*** Opening RECORDS FOR THE EXERCISE ***

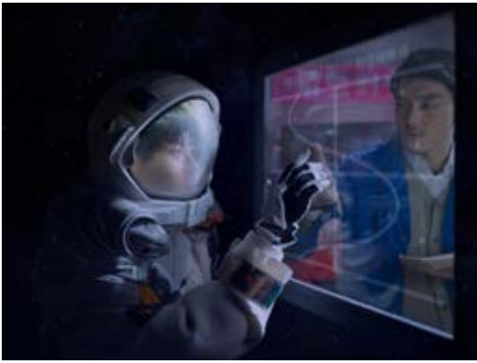
Image 11 Cao Fei Nova , 2019 © Cao Fei Courtesy of artist, Vitamin Creative Space and Sprüth Magers
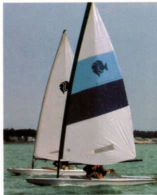
SUPER SUNFISH ®
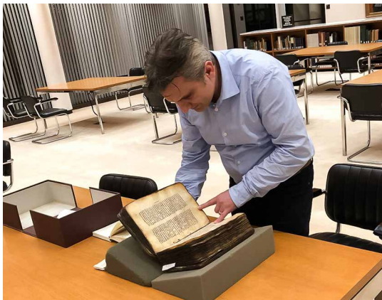
Working at the Beinecke Library

During my research visit, I was privileged to access several Syriac manuscripts in the Beinecke Rare Book & Manuscript Library, as well as other materials in the Divinity Library Special Collections. However, since there was no available catalogue, or even a general checklist, that documented all of the Syriac materials at Yale, I accessed all of the Syriac materials at Yale to make a comprehensive list of what was available. This was a necessary step to assist scholars and make a catalog available of the existing Syriac liturgical manuscripts in these collections. I hope that this will help scholars at Yale and beyond find sources for their research, teaching, and possibly future exhibitions.
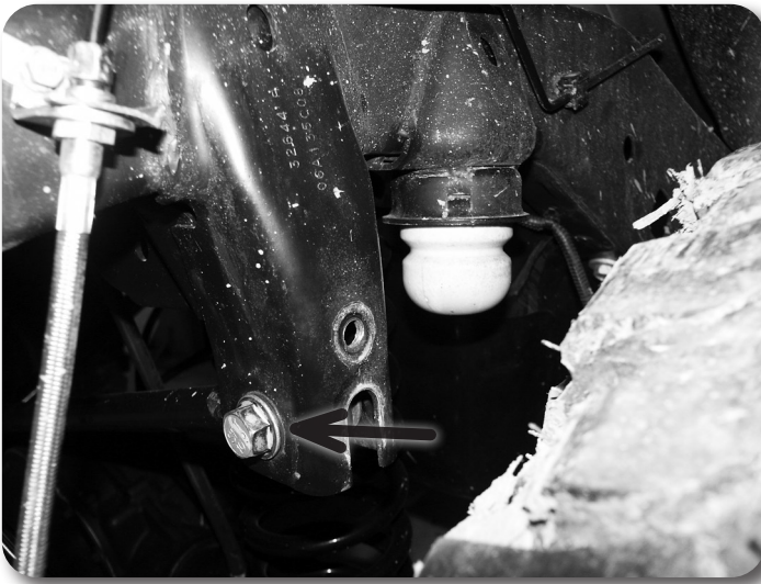
Figure 3 - LHD Shown
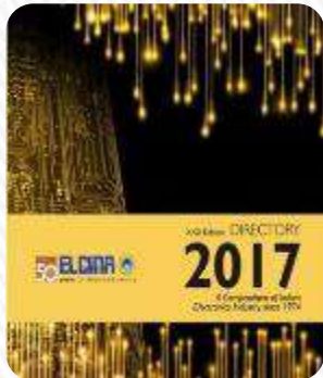
Directory of Indian Electronic Industries
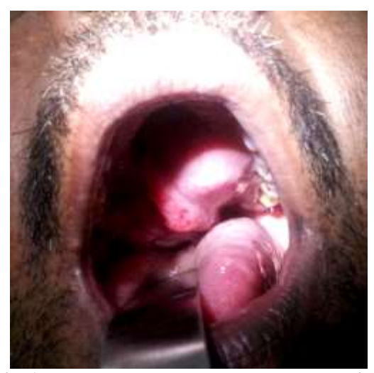
Fig. 1: Nodular mass over hard palate extending mediolaterally from the mid-palatal area to the molar teeth

A 35 year male reported with a slowly growing mass on soft palate which was present for the past 6 years and gradually progressing in sits size. On examining intraorally, a nodular mass was present in relation to the left side of the palate measuring roughly about 5 \times 4.5 cm extending mediolaterally from the mid - palatal area to the lingual surface of molar teeth (Figure 1). The mucosa over the swelling appeared to be normal with no secondary changes. On palpation the mass was non - tender, firm in consistency, noncompressible, did not show any fluctuation or pus discharge. A clinical differential diagnosis of dentigerous cyst with nodulous outset (due to its proximity to molar teeth) and a tumour of minor salivary gland origin (benign or malignant) were considered. Fine needle aspiration was performed, which yielded mucoid scanty material. Smears were stained with hematoxylin and eosin stain, showed moderate cellularity comprised of poorly cohesive epithelial like cells having bland ovoid nucleus in a background of fibromyxoid stroma (Figure 2). Diagnosis of pleomorphic adenoma of minor salivary gland was rendered. Histopathological examination of the specimen showed confirmed the FNAC diagnosis. Histopathological sections showed epithelial component arranged in cords tubules, nests and sheets, focally displaying squamous metaplastic changes, intermingled mesenchymal myxoid component pseudocartilaginous stroma (Figure 3).
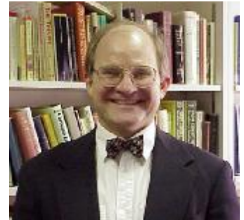
Guest Preacher September 2
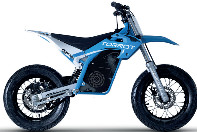
SUPERMOTARD TWO 6-11 Jahre / ans
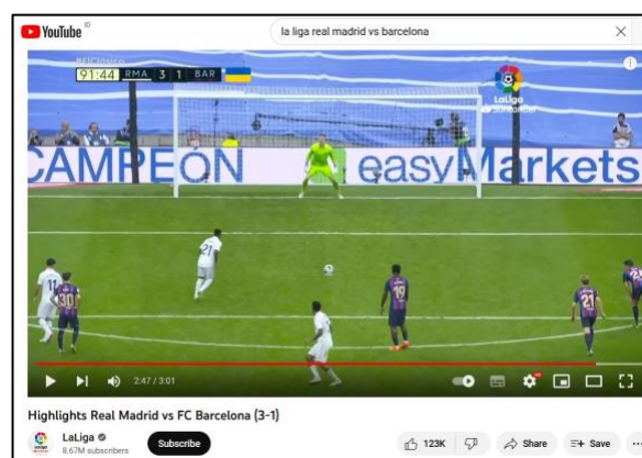
Fig. 2. Views of La Liga Matches after the Outbreak of the Ukraine-Russia Conflict.

transfer of the Ukrainian-Russian political security conflict to football has an effect on European Solidarity, which can be indicated by how European football institutions display symbols of solidarity in football matches.
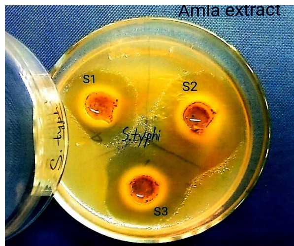
Plate 2: Antimicrobial test of amla extract against S. typhi

Emblica officinalis (Amla) plant extract (leaves) showed the highest antimicrobial activity against S. typhi (Gram -ve) with mean ZOI being 23.77mm. The lowest antimicrobial activity of amla in ethanol extract was observed against S. aureus (Gram +ve) with mean ZOI being 12.99mm. The reason may be the presence of chebullic acid, gallic acid, saponins, etc. whose nature enhance in presence of ethanol. Hence, ethanol extract showed antimicrobial activity even against Gram -ve MDR bacteria. Nascimento et al. (2000) [7] conducted study which supports the finding of present study in which guava extract showed inhibitory effects against S. aureus and B. cereus but no effect on E. coli and S. typhi .
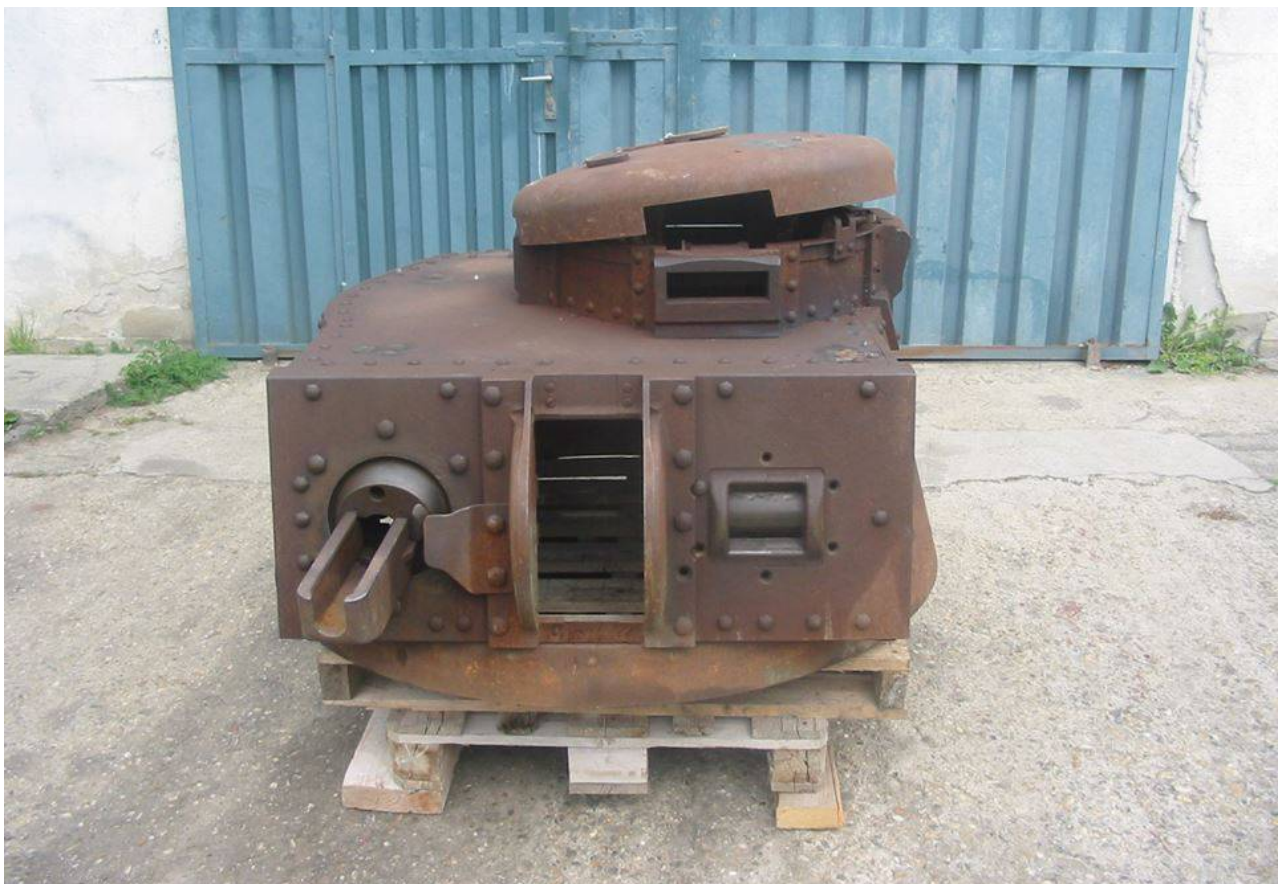
Two LT vz. 35 turrets – Unknown location
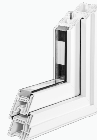
Tilt & Turn

*** Closing RECORDS FOR THE EXERCISE ***

**INSTRUCTIONS TO FOLLOW**
Among the entries above, how many lines have the string "against" in them? Only the number should be given.

**EXERCISE RESULT**
2